_TASK DETAILS_: Retype the entries below word for word, leaving out every picture.

++++ INPUT RECORDS ++++

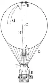 A Orifice et mécanisme de remplissage, B Évent, C Commande d'éventage, D Suspentes nacelle, E Anneau de panier, F Commande du mécanisme de remplissage, G Panneau de déchirure, H Commande de déchirure, K Ligne de traîne.
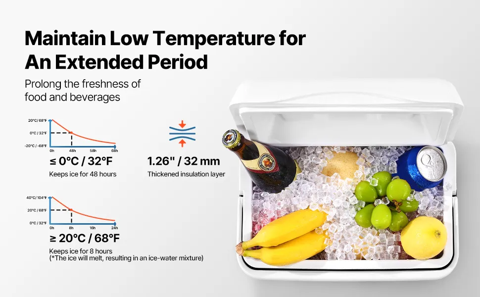 Langanhaltende Kühlung: Mit einer 1,26 Zoll (32 mm) dicken Isolierschicht hält es Eis bis zu 48 Stunden bei Temperaturen unter oder gleich 32 °F (0 °C) und bis zu 8 Stunden bei Temperaturen über oder gleich 68 °F (20 °C) (Eis schmilzt zu Eiswasser). Tipp: Um optimale Ergebnisse zu erzielen, sollten Sie direkte Sonneneinstrahlung vermeiden und mindestens 40 % Eis im Verhältnis zum Gesamtvolumen verwenden
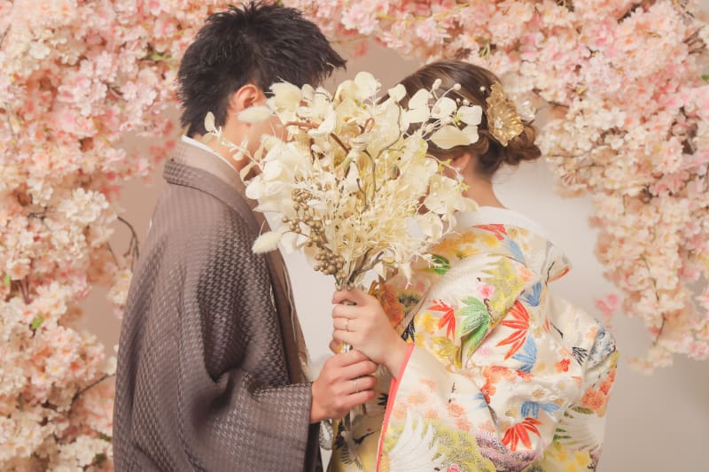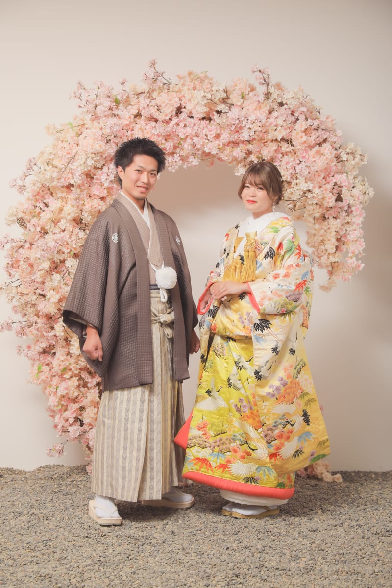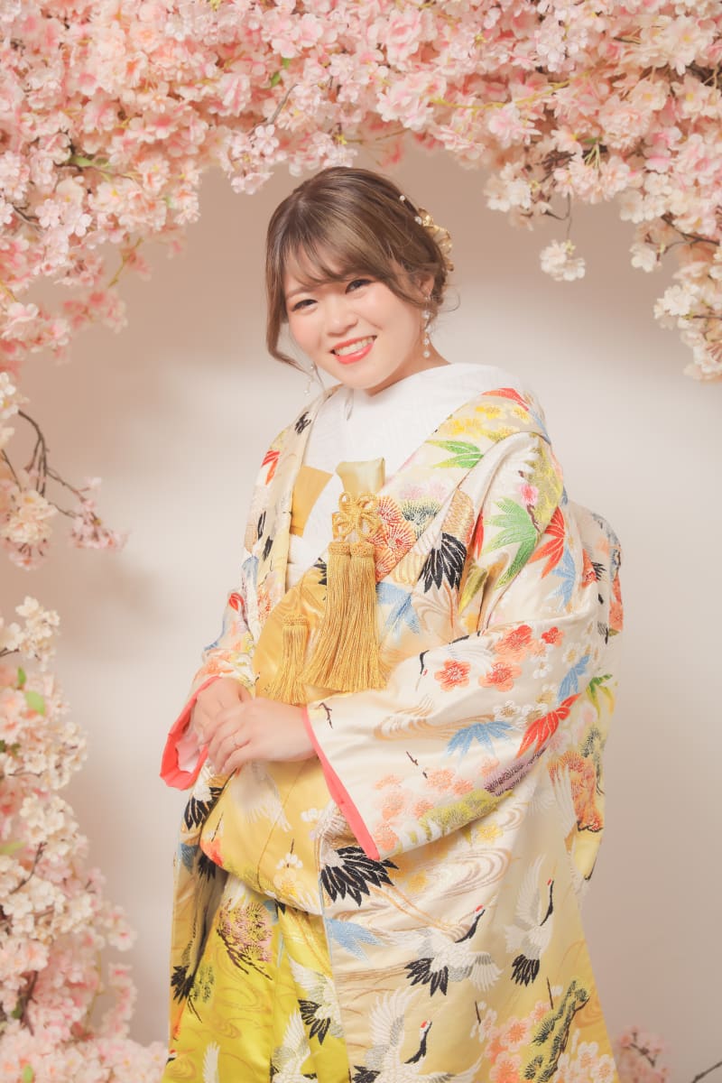 可愛らしい桜のアーチの前でソロカットをお撮りしました!お着物も桜も華やかで新婦様を引き立ててくれますね!
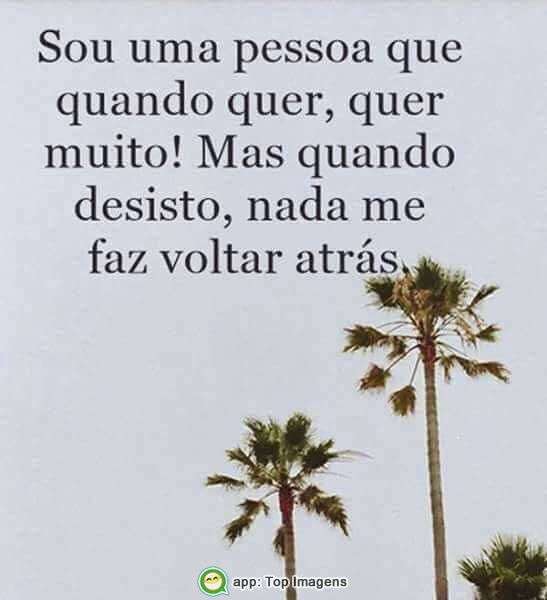 Sou uma pessoa que quando quer, quer muito! Mas quando desisto, nada me faz voltar atrás.
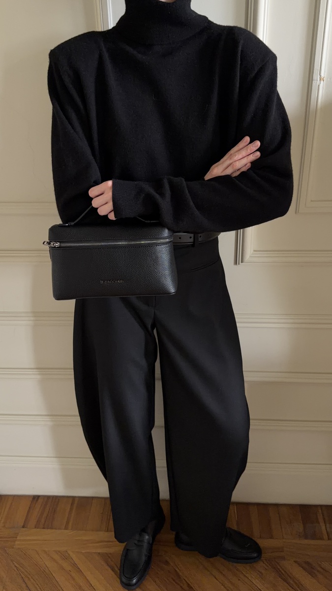 Черный — это больше, чем цвет. Это настроение, характер и тонко выстроенная эстетика. Весной 2026 он звучит особенно выразительно: не мрачно, а глубоко и благородно. Тотально черные образы продолжают оставаться символом уверенности и утонченности. В них всегда есть немного загадки и едва уловимая драма, которая притягивает взгляды. Но чтобы черный выглядел по-настоящему дорого и современно, важна игра нюансов. Главный прием сезона — контрасты объемов и фактур. Гладкая кожа рядом с зернистой, мягкие линии в сочетании с четкой геометрией, матовые поверхности против деликатного блеска. Именно такие сочетания делают образ сложнее, глубже и визуально богаче. Акценты играют ключевую роль: Лаконичные мокасины из гладкой натуральной кожи добавляют образу строгости и собранности, оставаясь при этом комфортной базой на каждый день. Компактный клатч из зернистой экокожи привносит фактурный контраст и завершает образ, делая его цельным. Черный этой весной — это не про минимализм ради простоты. Это
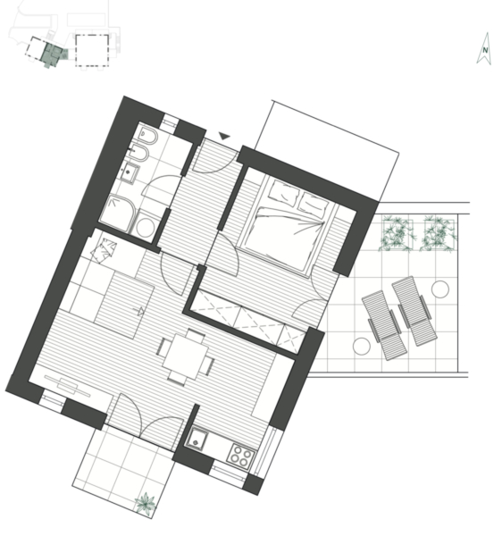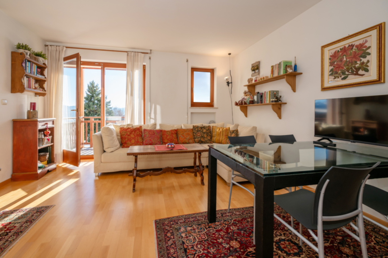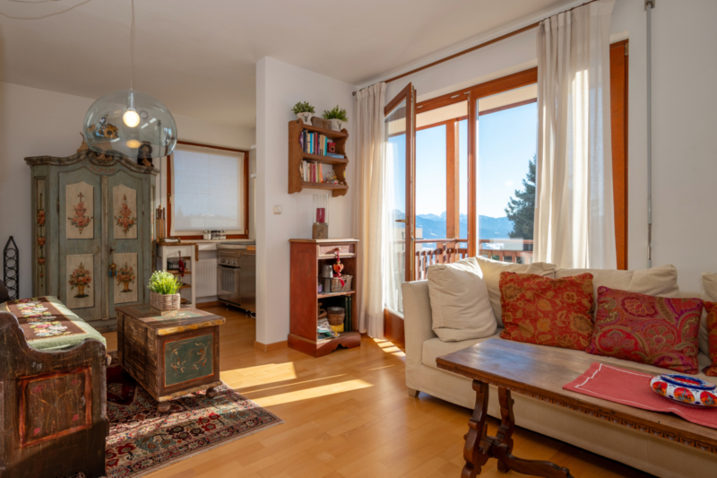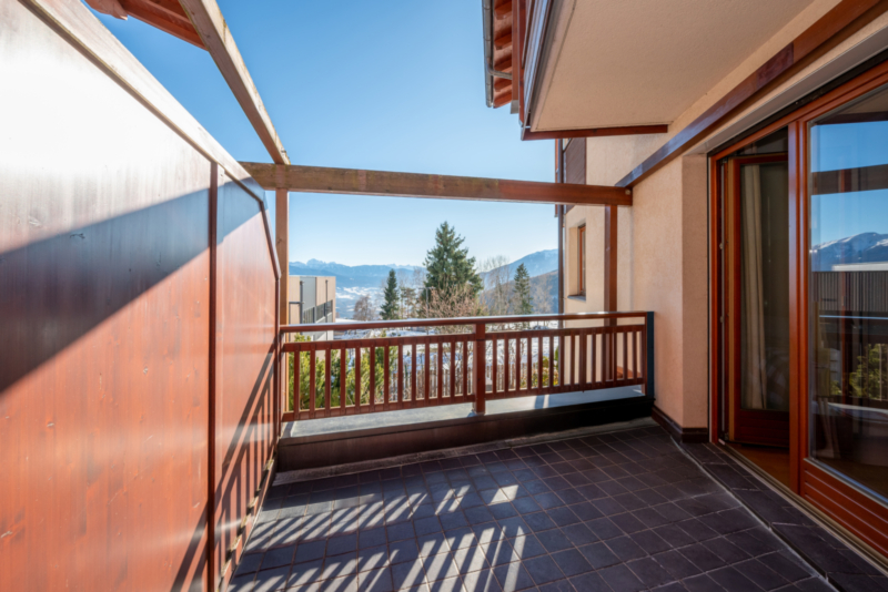 Diese gemütliche Zweizimmerwohnung befindet sich in sonniger Panoramalage. Die Wohnung verfügt über einen geräumigen Wohnbereich mit angrenzender Küche sowie einen Balkon mit herrlichem Bergblick, ein Schlafzimmer, ein Badezimmer und eine großzügige Südterrasse. Zur Wohnung gehören außerdem ein praktischer Kellerraum und eine Garage im Untergeschoss.
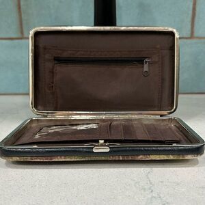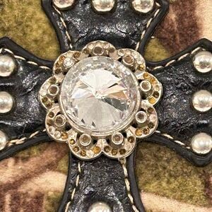 Measuring 7.5” x 4.5”, this wallet features a camouflage print adorned with bling accents. It is studded with metallic details and showcases a prominent Western cross on the front with flower rhinestones center, blending rustic charm with contemporary design. The exterior has a flap pocket and the interior is well-organized, offering ample space for bills, cards, and coins.

++++

_RESULT BELOW_:
 A Orifice et mécanisme de remplissage, B Évent, C Commande d'éventage, D Suspentes nacelle, E Anneau de panier, F Commande du mécanisme de remplissage, G Panneau de déchirure, H Commande de déchirure, K Ligne de traîne.
 Langanhaltende Kühlung: Mit einer 1,26 Zoll (32 mm) dicken Isolierschicht hält es Eis bis zu 48 Stunden bei Temperaturen unter oder gleich 32 °F (0 °C) und bis zu 8 Stunden bei Temperaturen über oder gleich 68 °F (20 °C) (Eis schmilzt zu Eiswasser). Tipp: Um optimale Ergebnisse zu erzielen, sollten Sie direkte Sonneneinstrahlung vermeiden und mindestens 40 % Eis im Verhältnis zum Gesamtvolumen verwenden
 可愛らしい桜のアーチの前でソロカットをお撮りしました!お着物も桜も華やかで新婦様を引き立ててくれますね!
 Sou uma pessoa que quando quer, quer muito! Mas quando desisto, nada me faz voltar atrás.
 Черный — это больше, чем цвет. Это настроение, характер и тонко выстроенная эстетика. Весной 2026 он звучит особенно выразительно: не мрачно, а глубоко и благородно. Тотально черные образы продолжают оставаться символом уверенности и утонченности. В них всегда есть немного загадки и едва уловимая драма, которая притягивает взгляды. Но чтобы черный выглядел по-настоящему дорого и современно, важна игра нюансов. Главный прием сезона — контрасты объемов и фактур. Гладкая кожа рядом с зернистой, мягкие линии в сочетании с четкой геометрией, матовые поверхности против деликатного блеска. Именно такие сочетания делают образ сложнее, глубже и визуально богаче. Акценты играют ключевую роль: Лаконичные мокасины из гладкой натуральной кожи добавляют образу строгости и собранности, оставаясь при этом комфортной базой на каждый день. Компактный клатч из зернистой экокожи привносит фактурный контраст и завершает образ, делая его цельным. Черный этой весной — это не про минимализм ради простоты. Это
 Diese gemütliche Zweizimmerwohnung befindet sich in sonniger Panoramalage. Die Wohnung verfügt über einen geräumigen Wohnbereich mit angrenzender Küche sowie einen Balkon mit herrlichem Bergblick, ein Schlafzimmer, ein Badezimmer und eine großzügige Südterrasse. Zur Wohnung gehören außerdem ein praktischer Kellerraum und eine Garage im Untergeschoss.
 Measuring 7.5” x 4.5”, this wallet features a camouflage print adorned with bling accents. It is studded with metallic details and showcases a prominent Western cross on the front with flower rhinestones center, blending rustic charm with contemporary design. The exterior has a flap pocket and the interior is well-organized, offering ample space for bills, cards, and coins.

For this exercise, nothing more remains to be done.